Karakorum

Karakorum

środa, 6 lipca 2011

Dzień 6. Pyszny kwas. Witaj Rosjo.

Lesio (email z trasy):


Udalo sie jestesmy w Imperium. Granica, zasieki, zakaz fotografowania, lotniskowce na glowach.
Okienek jak w tytusowej krainie pieczatkowcow. Bylo do czego sie spieszyc bo litr ON kosztuje 23 ruble :-).
Ciekawym przezyciem byla wizyta w kantorze. Zeby wymienic dolary na ruble trzeba
1. Paszport
2. Migracionnaja karta (wydana na granicy)
3. Dolary tylko nowe (duze glowy)
4. Nowiutenkie banknoty bez zadnych zagiec, napisow itp.
Jak pani w okienku rozpoczela proces sprawdzania no to bylo ciekawie. Najpierw paznokietkiem potem ultrafiolet, przeswietlenie normalnym swiatelkiem, przykladala czarodziejskie cos co po przejechaniu piszczalo, znowu paznokietek i tak 3 razy proces od nowa.
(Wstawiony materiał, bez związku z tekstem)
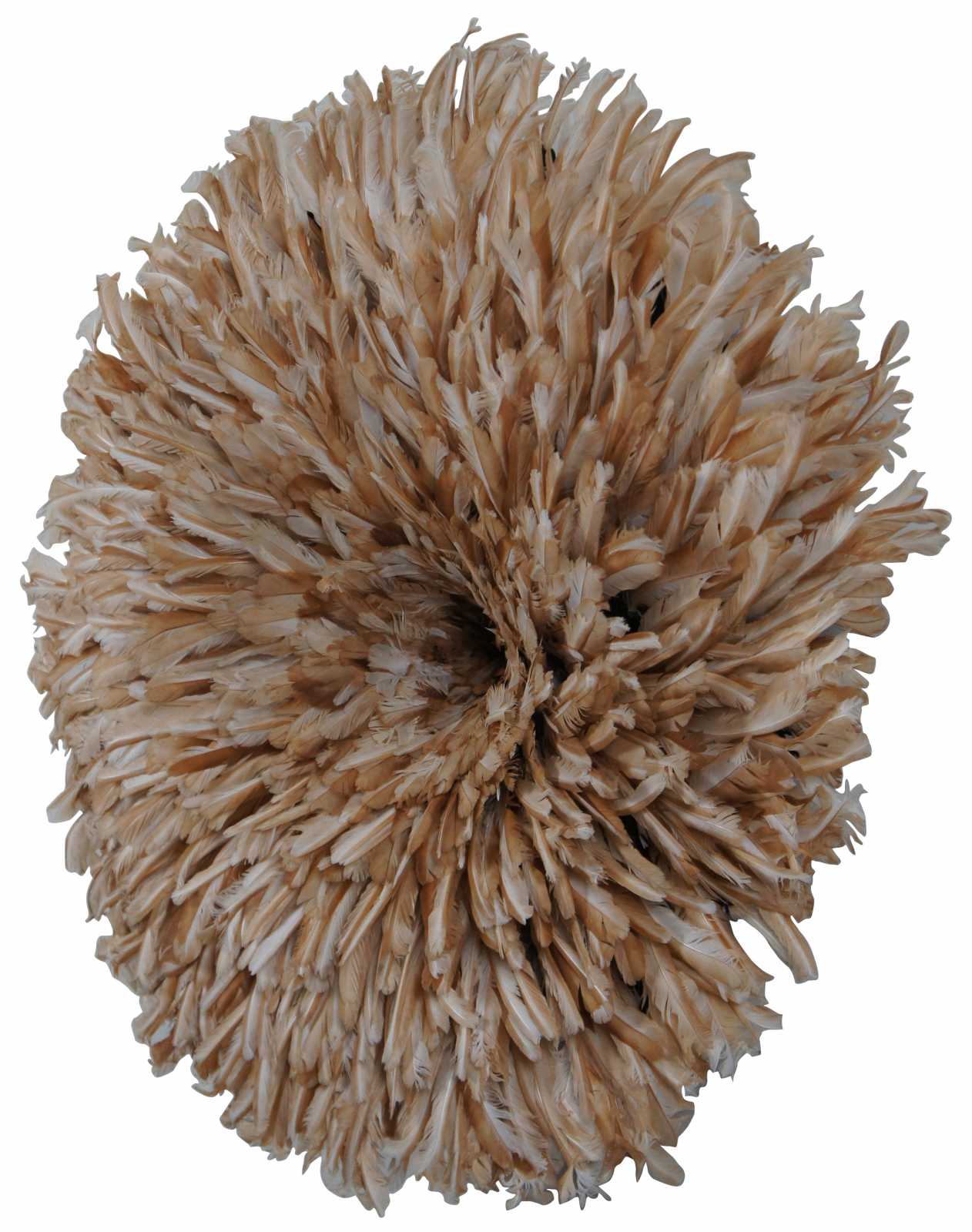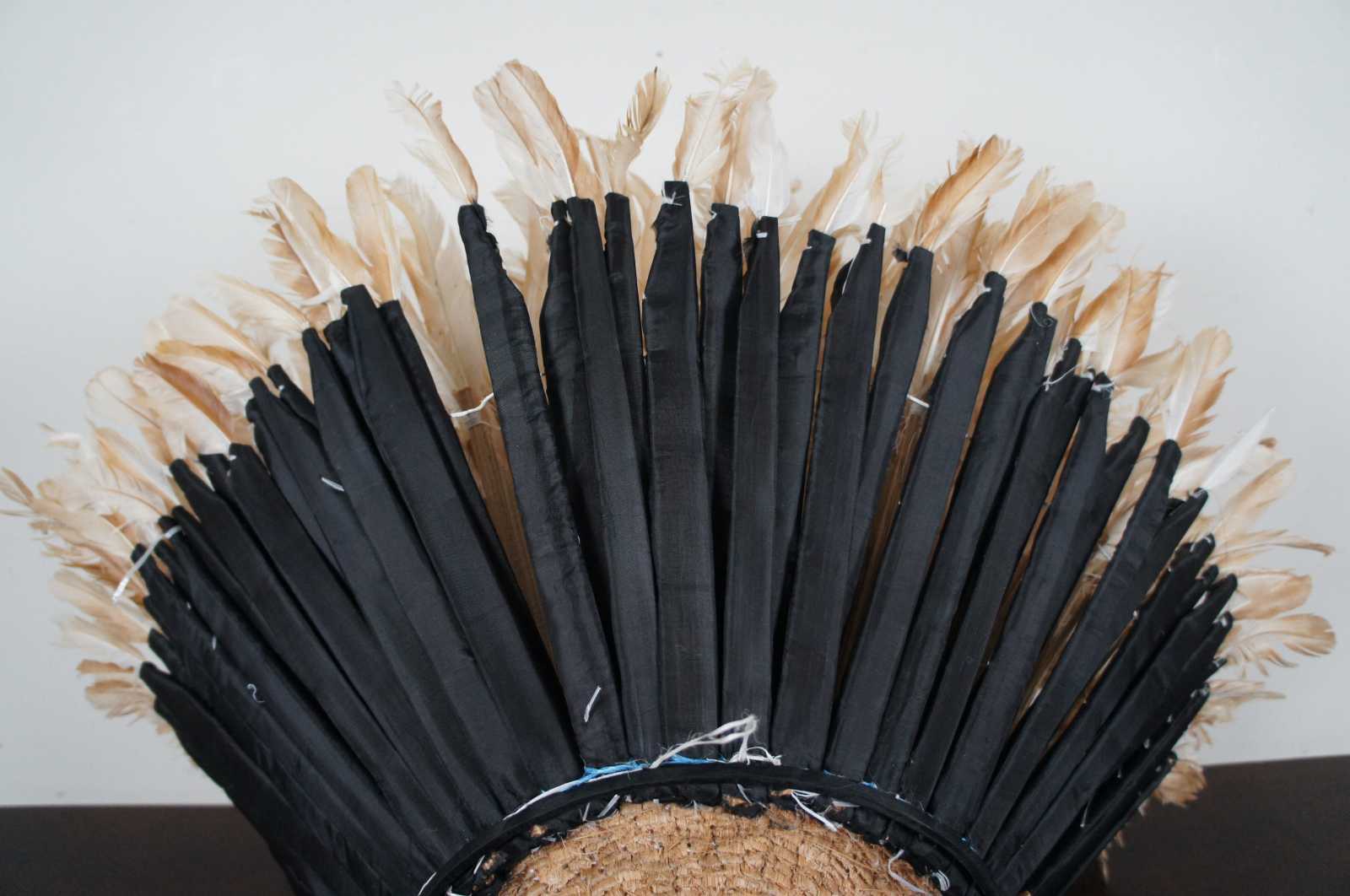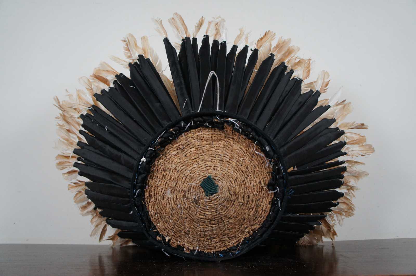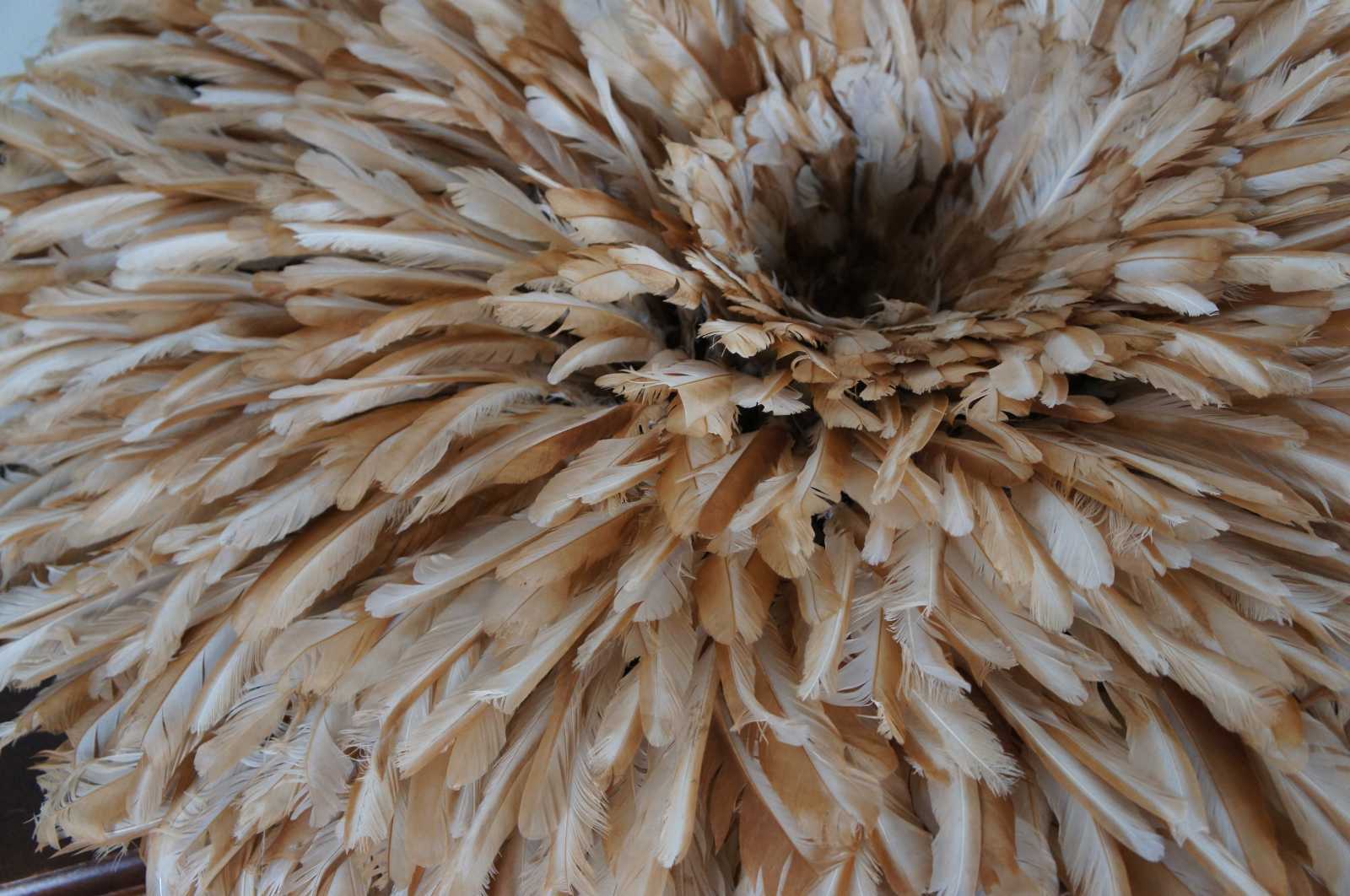 Vintage handmade African Juju feather hat, made of brown and white feathers.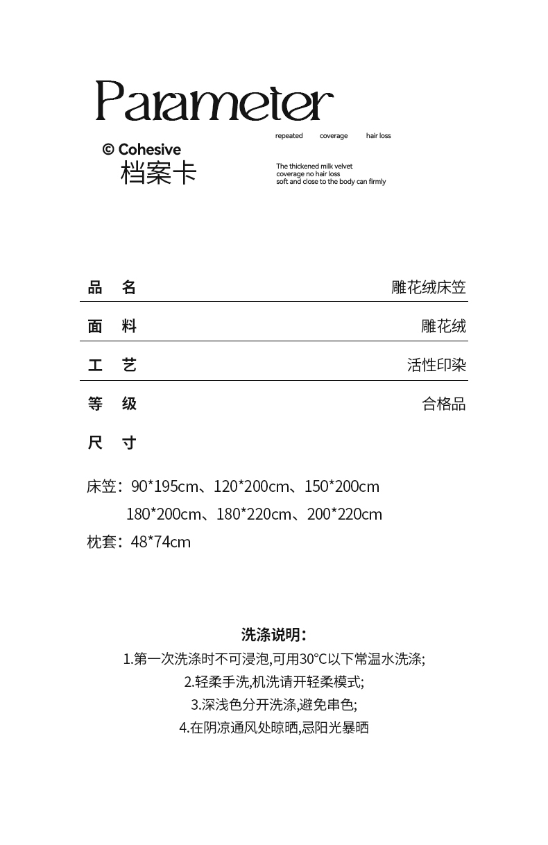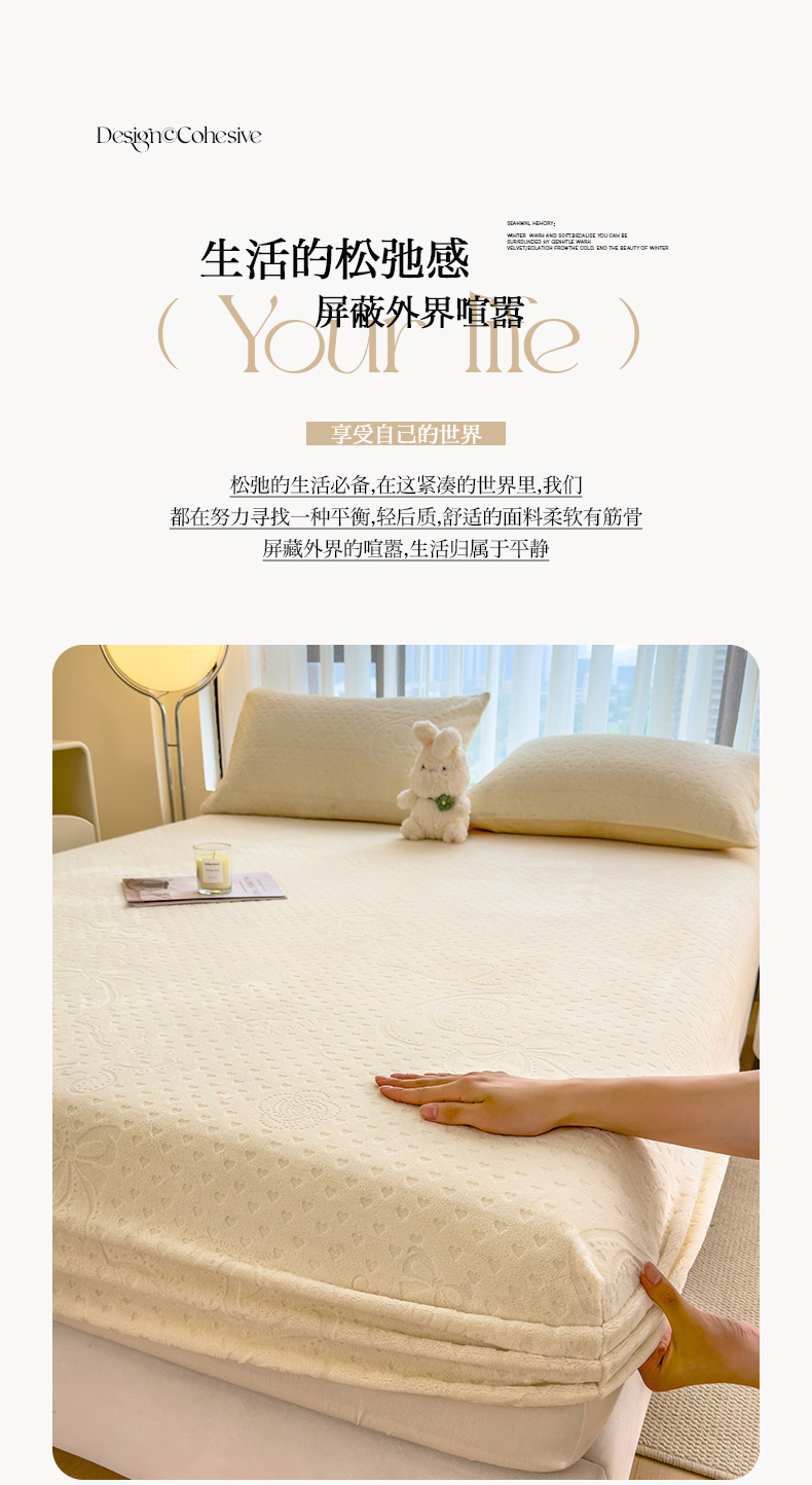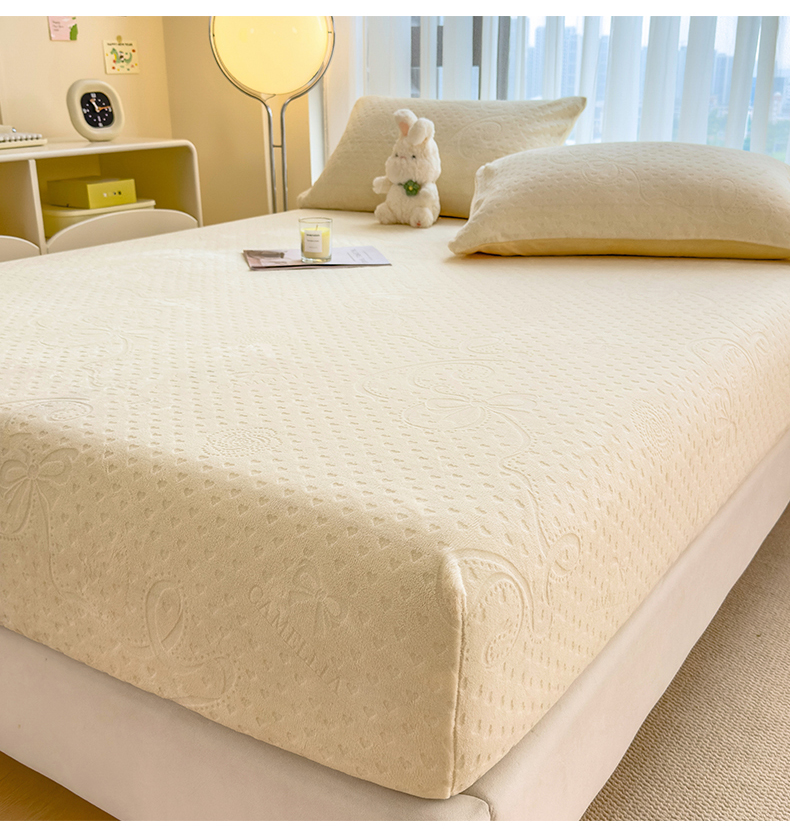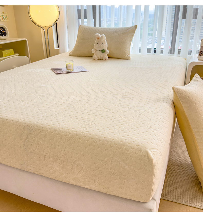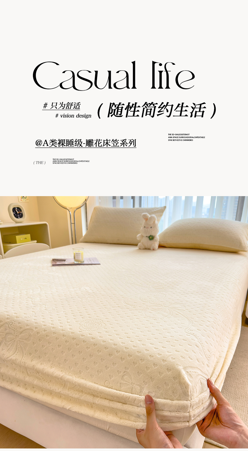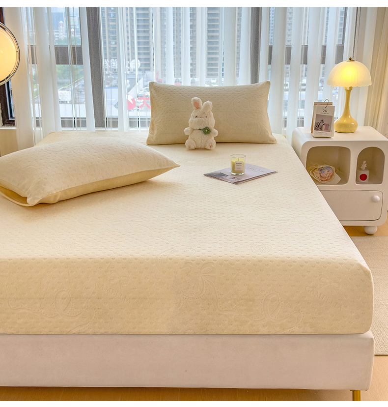 当前位置: 91家纺网 > 商品网购 > 床品套件 > 四件套 > 牛奶绒四件套 > 摩妮卡 2025新款小清新雕花牛奶绒床笠单床笠床笠三件套 叶语白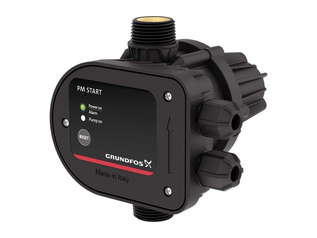 PM START je tlaková riadiaca jednotka určená na ovládanie spúšťania a zastavovania čerpadiel na zásobovanie domácností vodou. Ponúka základné riadiace funkcie, ochranu proti chodu nasucho a funkciu automatického opätovného spustenia.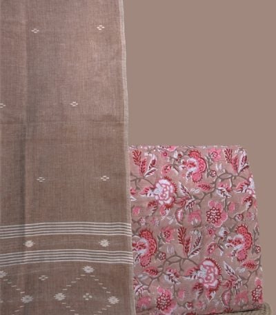 Beige – 3pc Handloom Soft Cotton Dupatta with Blockprint Cotton Top & Bottom Set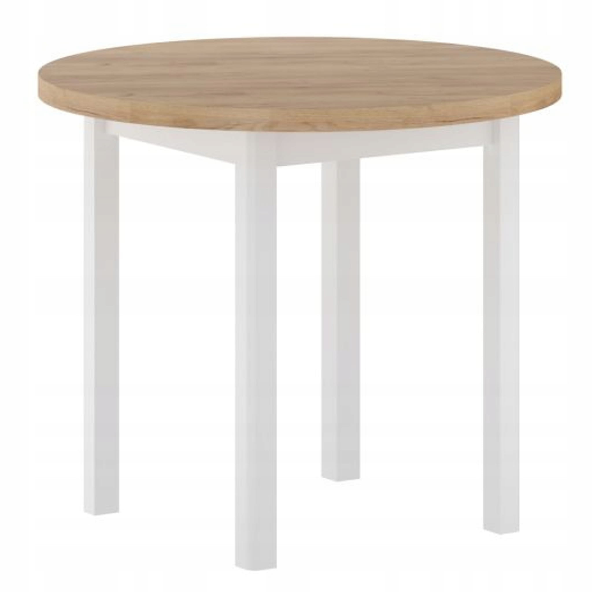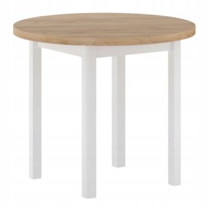 Jasny Drewniany STÓŁ Dąb Złoty Craft fi80cm Okrągły Białe NOGI Furnitex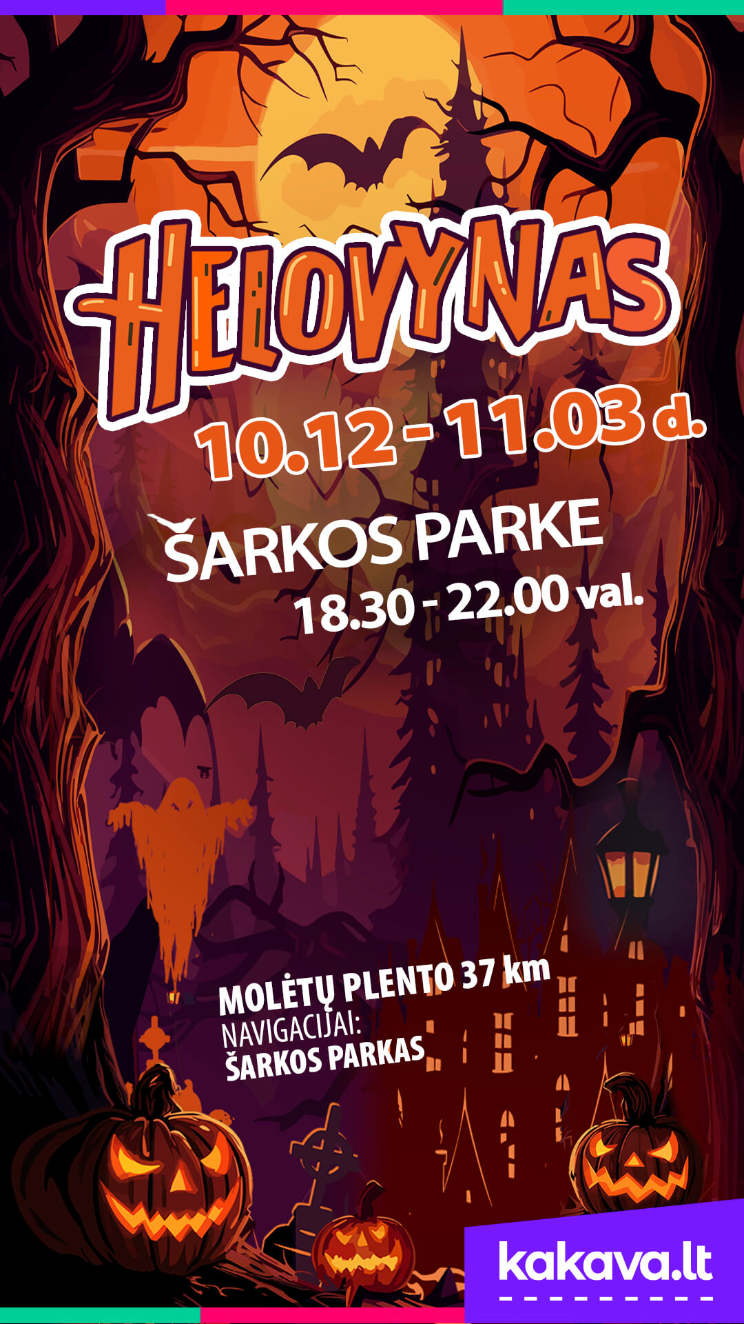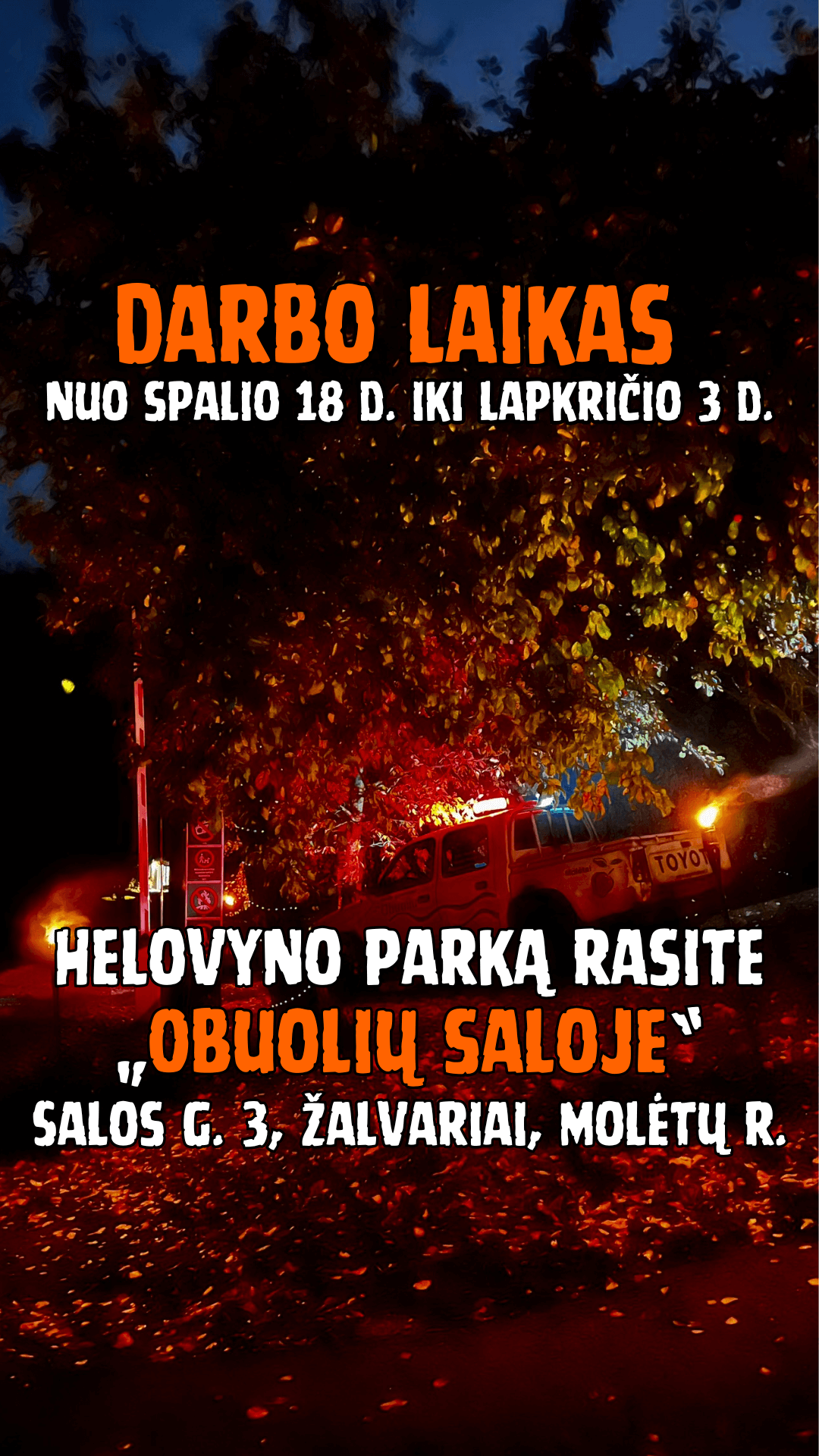Parkas dirba nuo spalio 18 d. iki lapkričio 3 d. Darbo laikas: 10-22 val. Animatoriai šiurpina: Penktadieniais, šeštadieniais ir spalio 28-31 d. nuo 18 iki 22 val. Pasivaikščiojimai be gąsdinimų ir animatorių kiekvieną dieną nuo 10 iki 18 val. (šiems bilietams taikoma -50% nuolaida). Helovyno parką rasite „Obuolių saloje“, Salos g. 3, Žalvariai, Molėtų r.

Rezultat byl taki ze 20% banknotow oddala po pierwszym sprawdzeniu organoleptycznym. Czas niezbedny na wymiane minimum 0.5 h.
Jak juz "zdobylismy" kase to oczywiscie przydrozny dystrybutor kwasu. Pyszzzzznyyyy i co istotne zimny, bo temperatura zaczyna byc odczuwalna.
Jedziemy dzisiaj okolo 200 km od granicy i tam zaczynamy poszukiwania kampingu (Robert i Piotrek preferuja, bo boja sie o motory) jak nie to w krzakach.

Czuj duch.





Lecchu:

      W porcie promowym jesteśmy około 9. Prom wypływa niby o 10:30, ale tu wiele zależy od sprawności/lenistwa pograniczników (prócz zakupu biletów na prom musimy się wszak jeszcze "wymeldować" z Ukrainy; po drugiej stronie przesmyku mamy od razu posterunek rosyjski). Kolejka nieśpiesznie, choć sukcesywnie przesuwa się naprzód. Odbijamy.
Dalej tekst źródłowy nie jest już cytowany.